Лакомство - Мюриель Барбери
Два тоненьких ломтика сырокопченого окорока, шелковые, волнистые, в томных изгибах, соленое масло, кусок белого хлеба. Новое вино, сладковатое, крепленое – пожалуй, лишнее, но восхитительное на вкус. Еще стакан того же белого, его я буду держаться и впредь. Возбуждающий, заманчивый, соблазнительный пролог.
«Да в лесу ее видимо-невидимо», – ответили на мой вопрос, есть ли в здешних местах дичь. «Вообще-то, – заметил Серж (двух других звали Клод и Кристиан – это был хозяин дома, а имя четвертого никак не вспоминается), – из-за этого иной раз может и беда приключиться».
Несколько зеленых стеблей спаржи, мясистых, нежных – объедение. «Это чтоб вам долго не ждать, пока я разогрею», – поспешно сказала молодая женщина, видно решив, что я удивляюсь столь скудному второму блюду. «Что вы, что вы, – ответил я. – Все замечательно». Дивная сельская, почти буколическая нота. Хозяйка зарделась и, смеясь, скрылась в доме.
За столом тем временем переключились на дичь, которая безбоязненно разгуливала по лесным дорогам. Речь зашла о некоем Жермене, который однажды безлунной ночью сшиб невесть откуда выскочившего кабана, в темноте счел его мертвым, закинул в багажник («Еще бы, представляете, этакий случай!») и поехал дальше, а кабан постепенно пришел в себя и стал биться в багажнике («оклемался и затряс колымагу как грушу…»), да с такой силищей, что разнес машину, после чего только его и видели. Все четверо хохотали, как дети.
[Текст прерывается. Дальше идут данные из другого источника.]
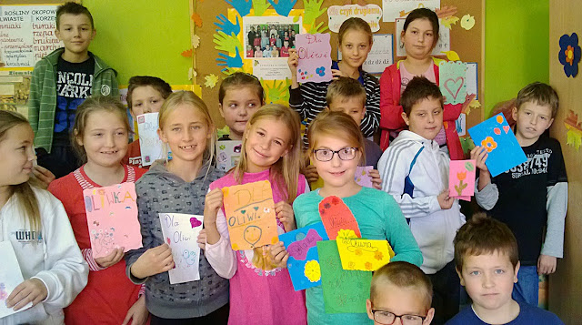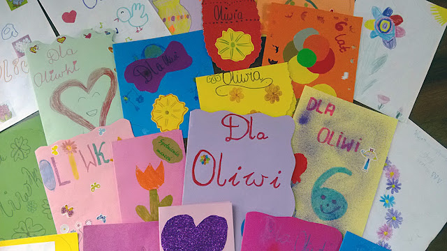 Najmłodsi uczniowie naszej szkoły, wysłali kartki na urodziny dla Oliwii, spełnili jej marzenie i wywołali uśmiech na jej twarzy.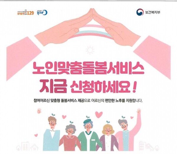 맹영호 노인장애인과장은 “이번 집중 신청기간에 많은 어르신들이 관심을 갖고 맞춤돌봄서비스를 제공받아 편안한 노후를 누릴 수 있기를 기대한다”며 “현장에서 어르신을 정성껏 돌보고 있는 사회복지사와 생활지원사 등 수행 인력의 수고로움에 감사를 드린다”고 말했다.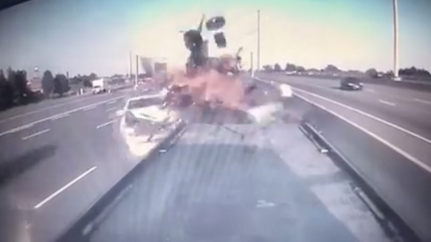 TORONTO — A disabled pickup truck was sitting alongside a highway in Toronto waiting for a tow truck. What happened as the tow truck driver was getting ready to help the stranded motorist is something you have to see to believe.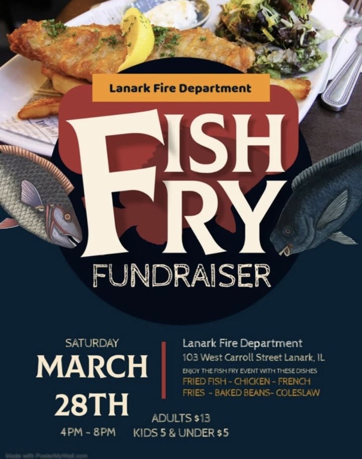 Join the Lanark Fire Department for a community Fish Fry Fundraiser. Enjoy a great meal while supporting your local fire department! The menu includes: Fried Fish Chicken French Fries Baked...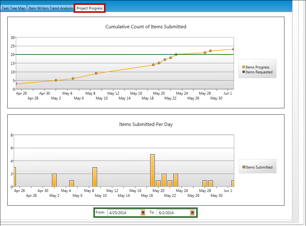5. To view the Cumulative Count of Items Submitted, and Items Submitted Per Day, click the Project Progress tab (highlighted in red, below). For the Items Submitted Per Day graph, you may change the parameters by modifying the From and To dates (highlighted in green, below).

«Остатки» (хватило бы полк накормить) пулярки. Изобилие сливок, ломтики сала, чуть-чуть черного перца, картошка – похоже, с Нуармутье[5], – и ни грамма жира.
Разговор снова изменил русло и потек извилистыми путями местных спиртных напитков. Добрые, поплоше, вовсе пойло; домашние настойки, сидр – слишком перебродивший, из гнилых яблок, из плохо помытых, плохо протертых, не вовремя собранных; кальвадос из супермаркета – сироп, да и только, и настоящий – рот дерет, зато какой букет! Дружный хохот вызвал самогон некоего папаши Жозефа: для дезинфекции в самый раз, но не для питья!
«Вы уж не обессудьте, – извинилась передо мной хозяйка, выговор у нее был иной, чем у мужа, – сыру не осталось, я ближе к вечеру поеду за покупками».
Я узнал, что пес Тьерри Кулара, славный кабыздох, известный своей трезвостью, однажды случайно вылакал лужицу под бочкой и, то ли с непривычки, то ли и впрямь отравившись, упал замертво, тут бы бедняге и конец, да крепкая оказалась псина на диво, выжила. Они держались за бока от смеха, и я тоже с трудом переводил дыхание.
Кусок яблочного пирога – нежнейшее, рассыпчатое, хрустящее тесто, дерзко-золотистые ломтики, присыпанные скромными карамельными кристалликами. Я допил бутылку до дна. Пробило пять, когда хозяйка подала мне кофе с кальвадосом. Мужчины поднялись, похлопали меня по спине: им пора работать, если я останусь до вечера, они будут рады меня видеть. Я по-братски обнялся со всеми и обещал как-нибудь заехать с доброй бутылочкой.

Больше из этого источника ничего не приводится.